We witnessed how machine learning algorithms often fail to predict outcomes accurately, even when statistical measures indicate the opposite. However, on the one hand, this seeming failure can provide rich cases for qualitative analysis, and on the other hand, it emphasises the necessity of collaboration between humanities scholars and computer scientists for developing a critical approach to machine learning. In addition, during the process we went through, it became evident how qualitative analysis of algorithmic failure can reveal hidden biases, assumptions and power structures in data and algorithms (Rettberg, Citation2022). From a computational perspective, we observed that the existence of common visual features in images, and consistency in the rationale for assigning images to specific categories, constitute key aspects for an ethnographically informed image classification. We also concluded that category re-evaluation – the refinement process in our case – proved to be crucial for forming categories that are both meaningful ethnographically and have distinctive visual characteristics for the computer to detect. Finally, we found that subcategories can be beneficial for a more accurate categorisation by the computer, but more importantly, they can allow for ambiguities and previously undetected differentiations in the data to emerge and be observed by the ethnographers. The critical re-evaluation of categories that emerged from our iterative process between ethnographic inquiry and computational analysis exemplifies the substantiation of our initial argument: that the intersection of these methods can yield insights that are greater than the sum of their parts.

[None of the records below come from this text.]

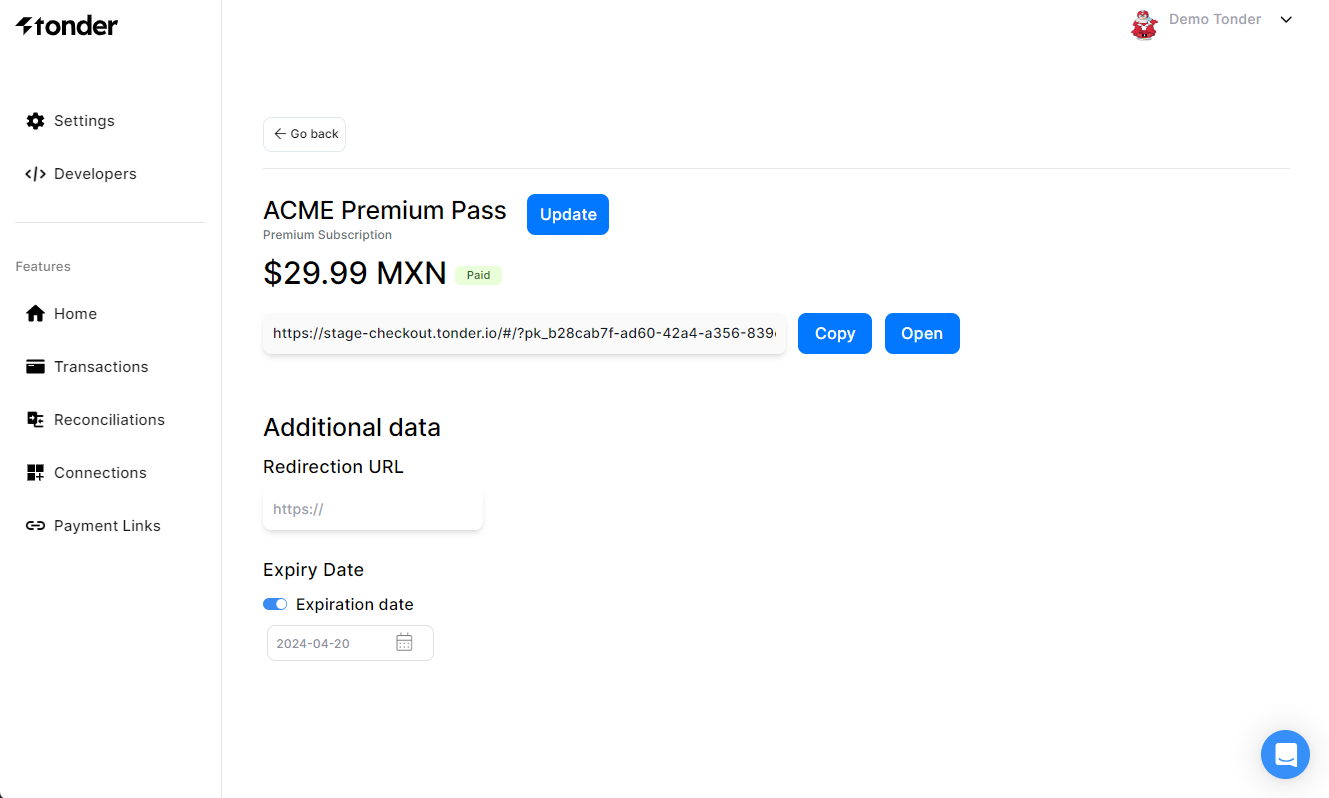 Each created payment link has its respective details page in the dashboard. You can copy or open the payment link’s URL and edit the following additional data:Redirection URL
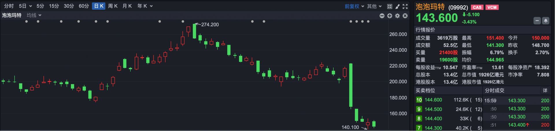 市场焦点方面,新消费概念股走弱,泡泡玛特(HK09992)跌超3%,创下去年4月11日以来收盘新低,其股价自高点“腰斩”。
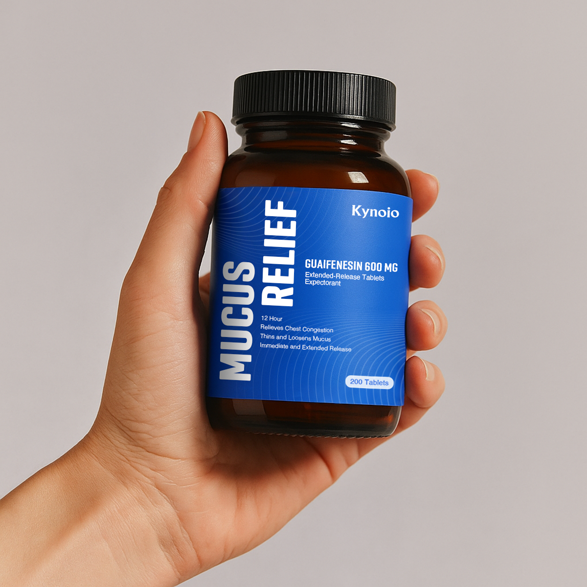 Kynoio Mucus Relief and Mucinex are two brands that both contain the same medicine at the same strength, guaifenesin 600 mg. Guaifenesin treats mucus and congestion caused by things like the common cold or flu. Kynoio Mucus Relief can be purchased online at a fraction of the price of Mucinex.
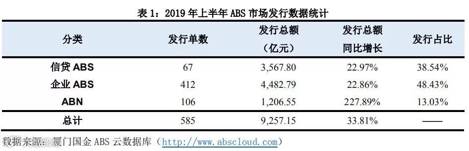 截止到2019年上半年,ABS市场继续保持快速增长态势,共发行产品585单,总计发行规模9,257.15亿元,同比增长33.81%,其中,企业ABS市场占比48.43%。
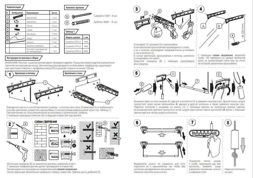 Сушилка настенно-потолочная длина сушильного полотна 8 м
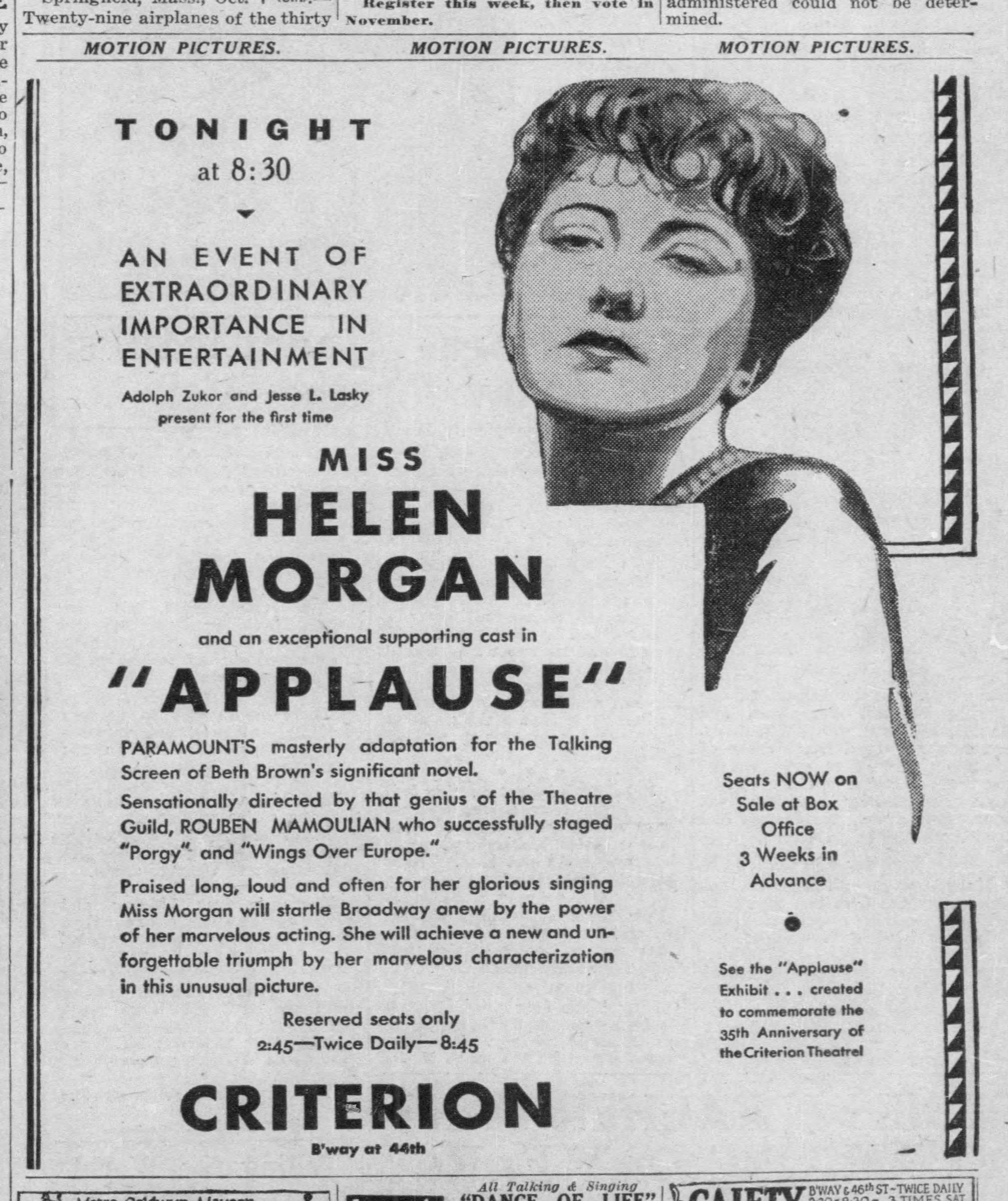 In the evening, Paramount celebrated the world premiere of Rouben Mamoulian’s directorial film debut, Applause.
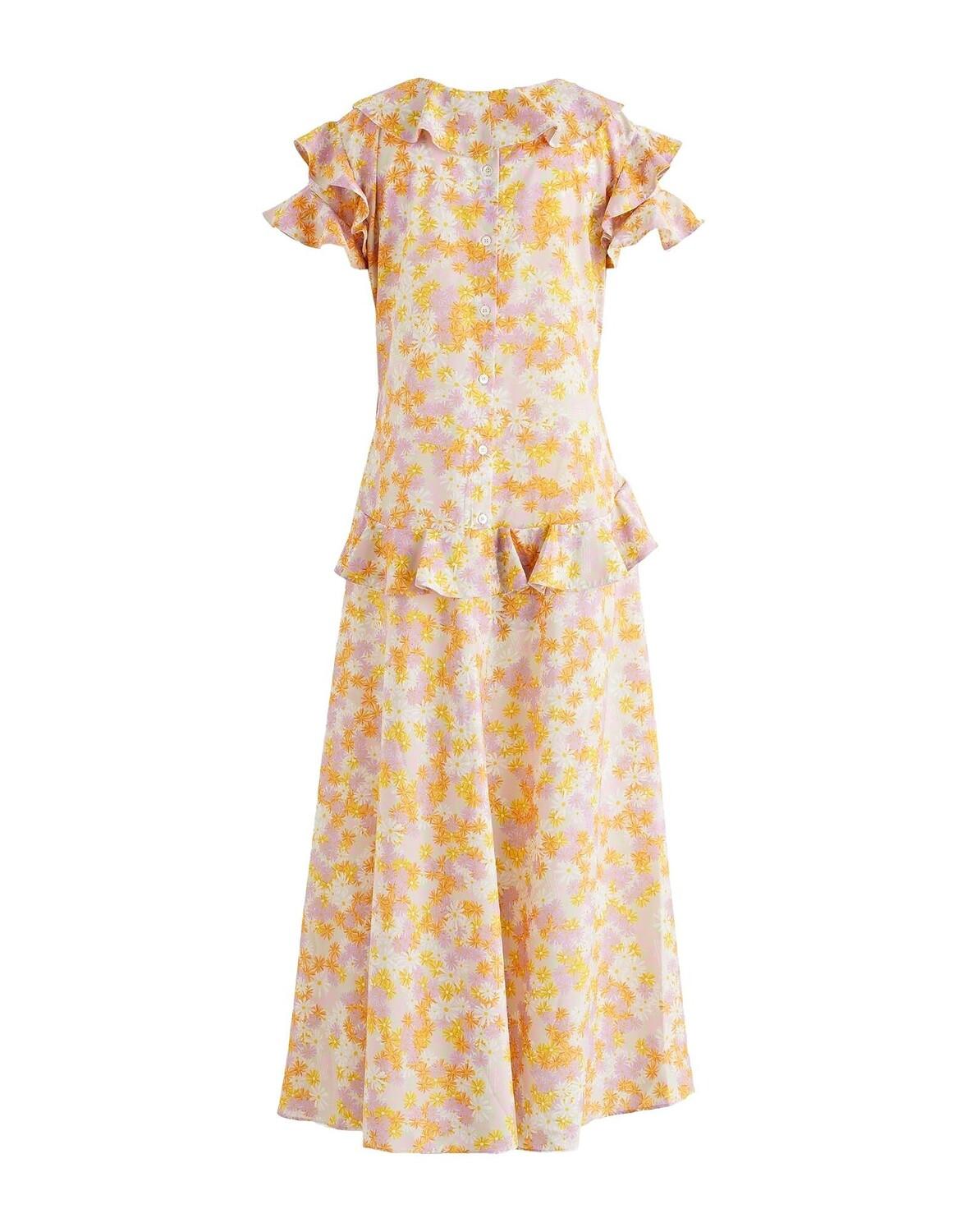 Креп, оборки, цветочный дизайн, круглый воротник, короткие рукава, без подкладки, застежка-молния, платье
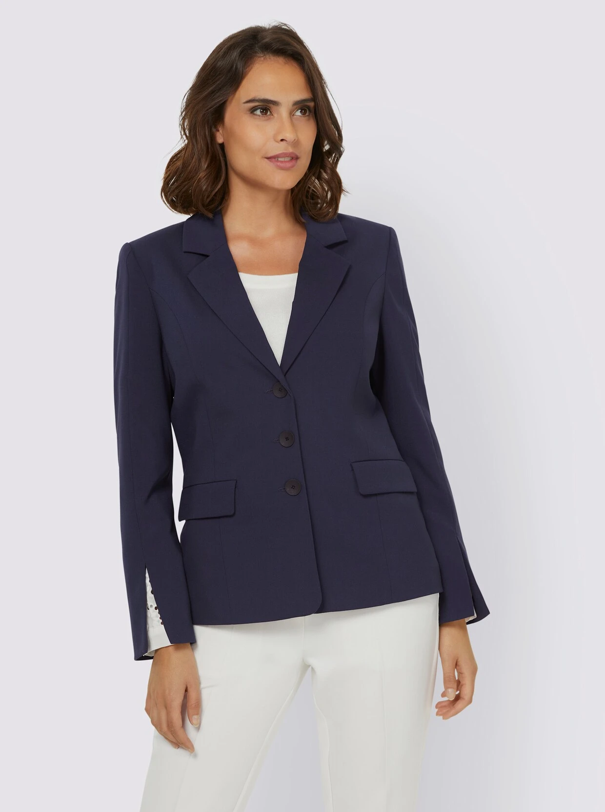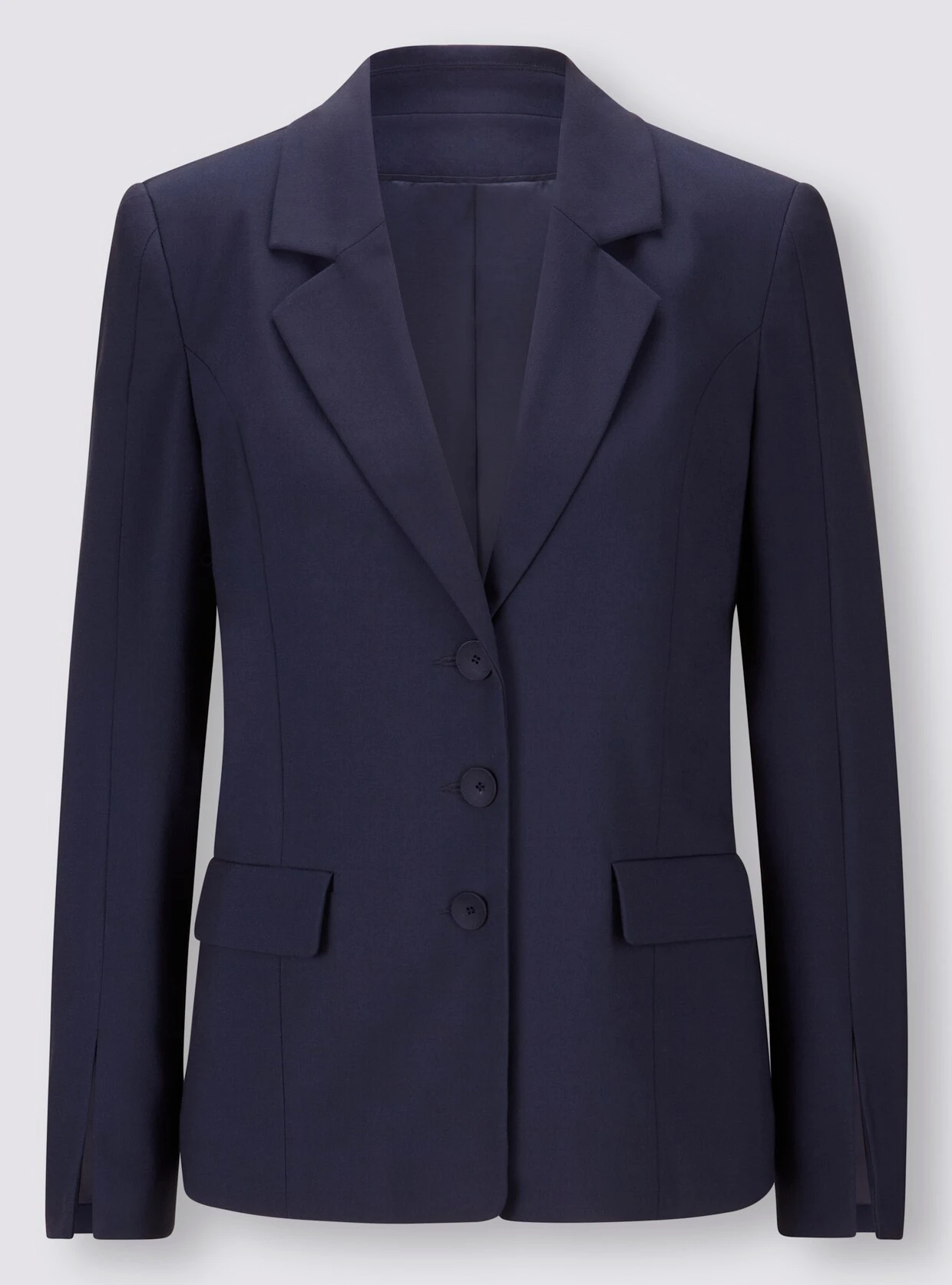 Blazer In angenehm leicht fallender Qualität. Figurschmeichelnd mit optisch streckendem Reverskragen und Wiener Nähten. Langarm mit Schlitz, Pattentaschen. In perfekter Passform dank Stretch.
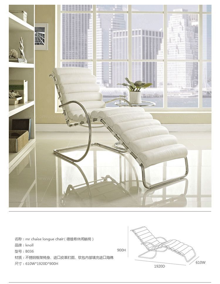 密斯躺椅(MR Adjustable Chaise Lounge)是由密斯·凡·德罗设计的,并由雅帝生产制造,我们是专业生产各种欧洲现代经典家具的公司,所以非常注重设计、质量和原版的一致性,所以我们成产出来的MR Adjustable Chaise Lounge外形独特,结构非常简单,弯曲的不锈钢架有点像布尔诺椅的设计思路,也正体现了德罗的“少即是多”的设计理念。休闲躺椅(MR Adjustable Chaise Lounge)以人体学为基础,设计出了符合人体架构的椅子,坐上去舒适,优雅大方。
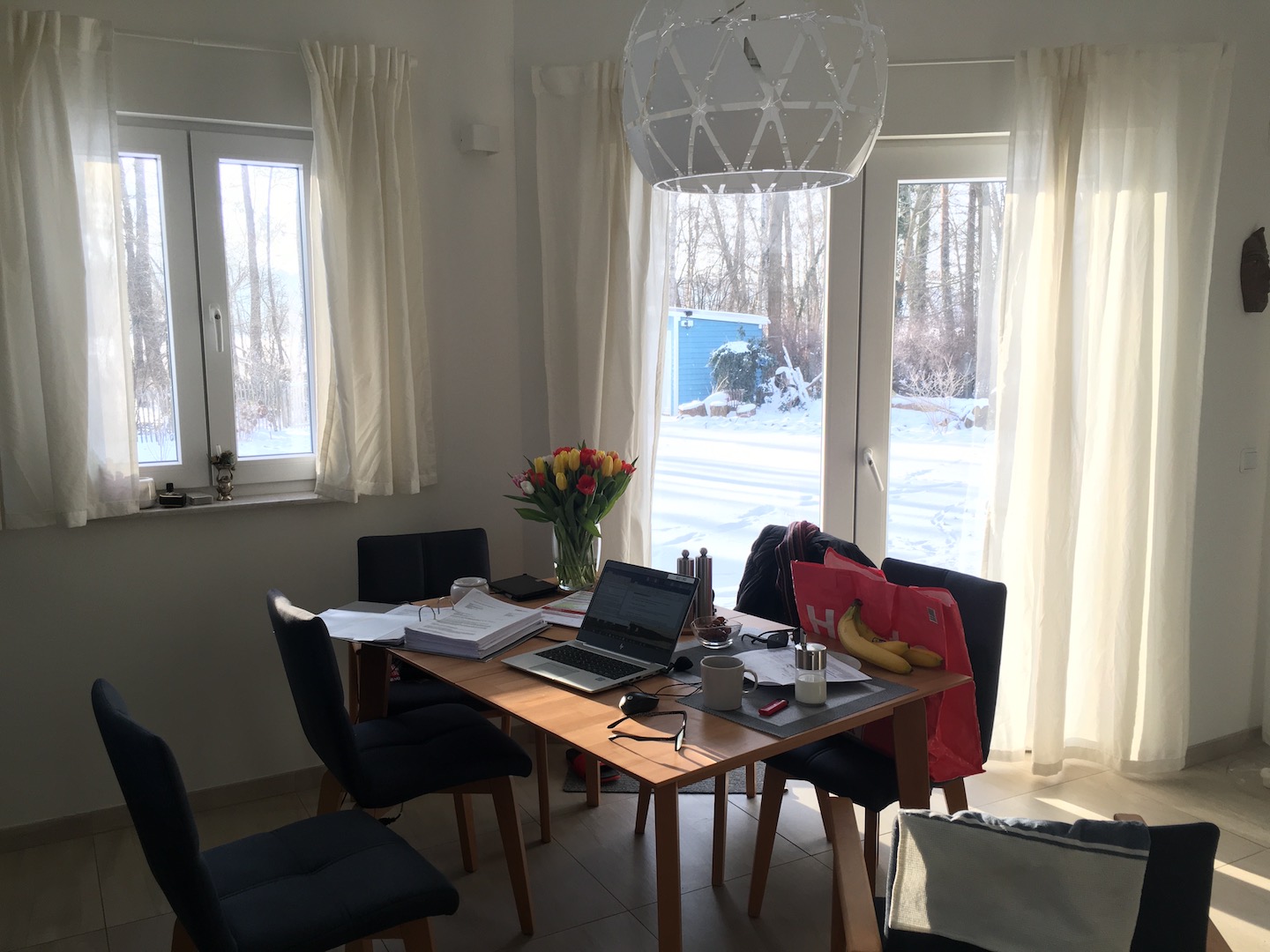 Antje war am Montag Morgen schon früh aufgebrochen und ich durfte noch den super Sonnenaufgang genießen und mich dann dem Home-Office widmen.
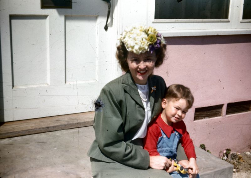 | Young woman in Easter fashion of 1947 at 9661 Lev Avenue, Los Angeles, CA, April 16, 1947 |
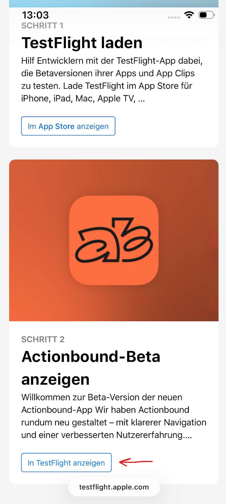 Auf dieser Seite unter „Schritt 2 - Actionbound-Beta anzeigen“ den Button „In Testflight anzeigen“ klicken:
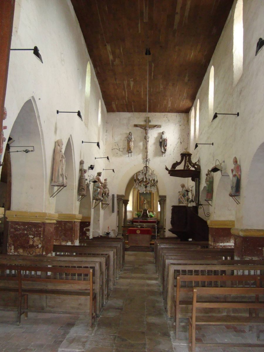 Sus vidrieras datan del siglo XVI, al igual que buena parte de las vidrieras de la región, y se declararon monumentos históricos en 1913. La simplicidad de sus líneas, sus pequeñas ventanas en plena cimbra y su gran pórtico le proporcionan un gran encanto. Al igual que su órgano del siglo XIX, que fue declarado monumento histórico en su categoría de objetos en 1980.
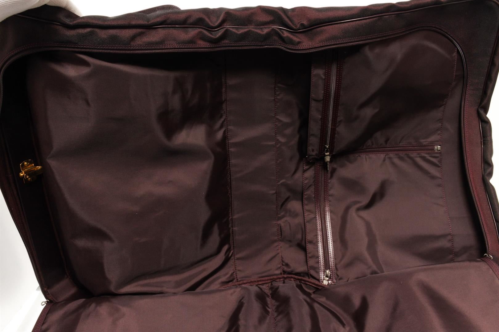 One Louis Vuitton Brown Leather Portable Garment Briefcase. Item is sold AS-IS. All available information is listed in the description and shown in the photo. Louis Vuitton Brown Leather Portable Garment Briefcase with top handle, detachable strap, top flap is leather, bottom half is canvas, two interior zip pockets, comes with a hanger, gold tone hardware, buckle and zip closure.
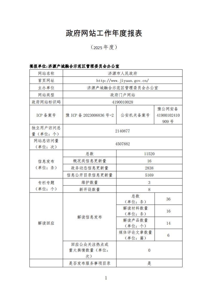 济源市人民政府网站2025年工作年度报表
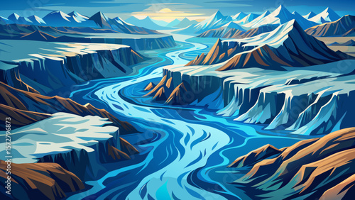 Dramatic winter thundersnow storm with swirling blizzard and lightning. Flat Vector Illustrations. EPS Editable
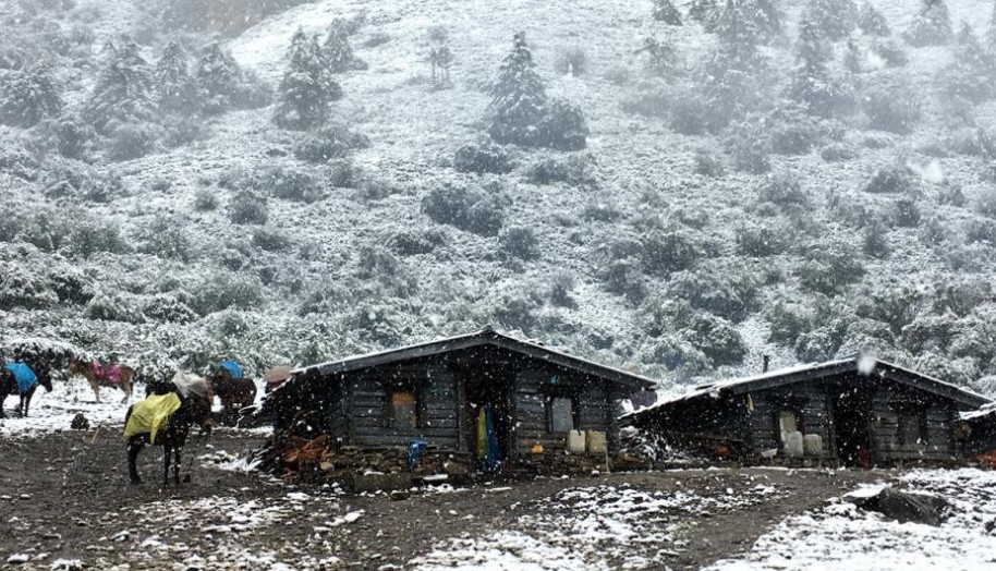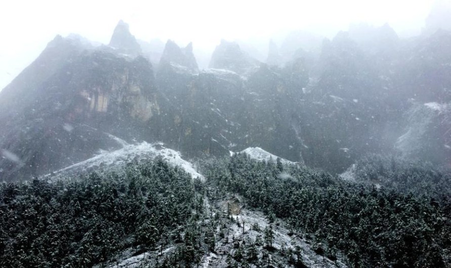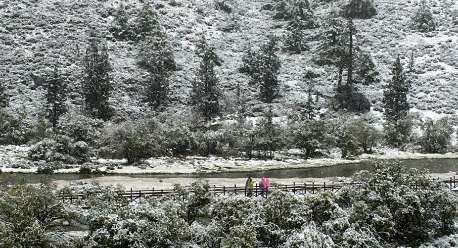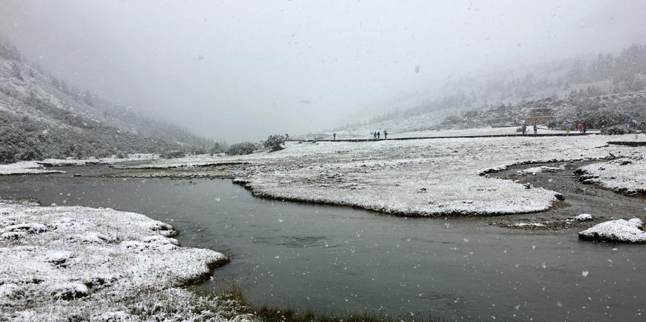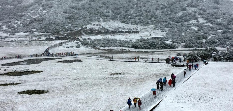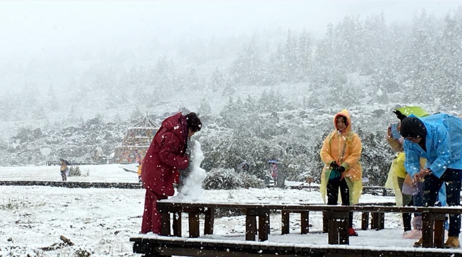 9月20日,受冷空气影响,四川甘孜州稻城亚丁景区雪花飘舞,大雾弥漫,山峰披上白纱,银装素裹。正在景区内游玩的海内外游客纷纷用手机记录雪景,并拍照留念。 (钟欣 摄)

Our results indicate that, through a transition from ethnographic to computational back and forth, a computational system that can categorise visuals in ethnographically informed categories with high confidence and accuracy can be created. In parallel, we suggest that, using our method, ethnographers can come up with new theoretical perspectives on a given data after preparing it for the training of the computational system. The methods-bridging results in, rather than a methodological ‘bank of the river’ in which both parties stay intact, a back-and-forth ‘flow of the river’ of both research approaches learning new insights by being exposed to one another. This conclusion is compatible with previous research demonstrating that an AI system can be not just a tool for humans to use but rather a complex socio-technical system with its own agency, subjectivity and ‘social life’ (Munk et al., Citation2022). Our findings and the resulting discussion provide concrete examples of how to effectively bridge the perceived gap between ethnographic richness and computational efficiency. This underscores the value of bridging these methodologies, while also acknowledging the intricate balance between ethnographic depth and computational rigor. Bridging AI to ethnography and ethnography to AI provides a promising avenue for future research mapping online visual politics by the methodological combination bringing the best from both worlds: a thick picture drawing results from large datasets while making sense to not only the human eye but also ambitious research questions about the uses and meanings of images in political activity.

Acknowledgments

The authors want to acknowledge the invaluable participation of Karine Clément, Juulia Heikkinen, Jenni Kettunen, Carla Malafaia and Jyrki Rasku to the development of the method described in this article.

Disclosure statement

No potential conflict of interest was reported by the author(s).

Additional information

Funding

The funding source for this work is the following: Grant Agreement number: 804024 - ImagiDem - ERC-2018-STG.

Notes on contributors

Vasileios Maltezos

Vasileios Maltezos is a PhD candidate in Computational Social Science at the University of Helsinki.

Eeva Luhtakallio

Eeva Luhtakallio is Professor of Sociology at the University of Helsinki.

Taina Meriluoto

Taina Meriluoto is Senior Researcher in Sociology at the University of Helsinki.

Notes

1. The authors want to acknowledge the invaluable participation of Karine Clément, Juulia Heikkinen, Jenni Kettunen, Carla Malafaia and Jyrki Rasku to the development of the method described in this article.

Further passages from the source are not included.